Abstract

Kripkean anti-descriptivism about proper names has recently come under attack. The attack is not the result of theoretical considerations: a group of philosophers who practice what has come to be known as experimental philosophy, E. Machery, R. Mallon, S. Nichols and S. Stich [MMNS], contend that there is empirical evidence casting doubt on the claim that proper names are not descriptive. MMNS's conclusions and, specially, the method by which they have been reached have, we are told, ‘rudely challenged the way professional philosophers think of themselves’ (Appiah 2007). MMNS argue (2004 and forthcoming) that intuitions as regards how the reference of a proper name is determined vary from culture to culture. Their argument is based on an experiment that compares the intuitions about proper name use of a group of fluent English speakers in Hong Kong with those of a group of non-Chinese American students. On the basis of the result MMNS conclude that whereas Westerners are prone to rely on intuitions that match the causal-historical picture proposed originally by Donnellan and Kripke, East Asians appear to be driven by pure old-style descriptivism.
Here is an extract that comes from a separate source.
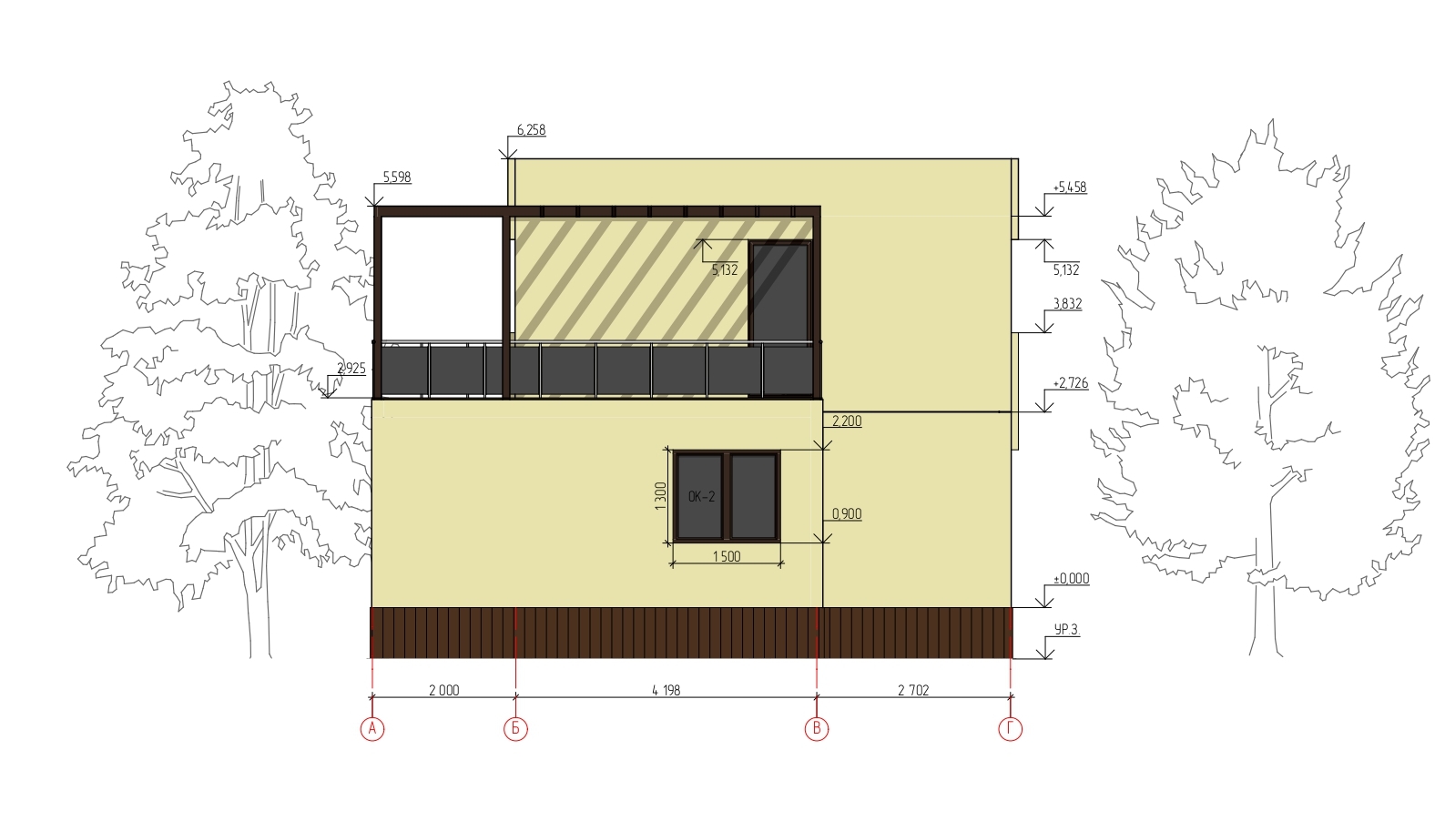 Ростверк изготовлен из калиброванного клееного бруса и защищен снаружи цементно-стружечной плитой

It is tempting to conclude that MMNS's results suggest that in some cultures speakers use names according to what is predicted by descriptivist theories, the very same theories that we have been taking as refuted by Kripke. If so, the alleged intuitions that inspire Kripke's stand on proper names are circumscribed to a cultural group, and the theory of reference that emerges from them is not a general theory of reference for proper names. The causal-historical picture is but one way to explain how names connect to their referents and room needs to be made for classical descriptivism.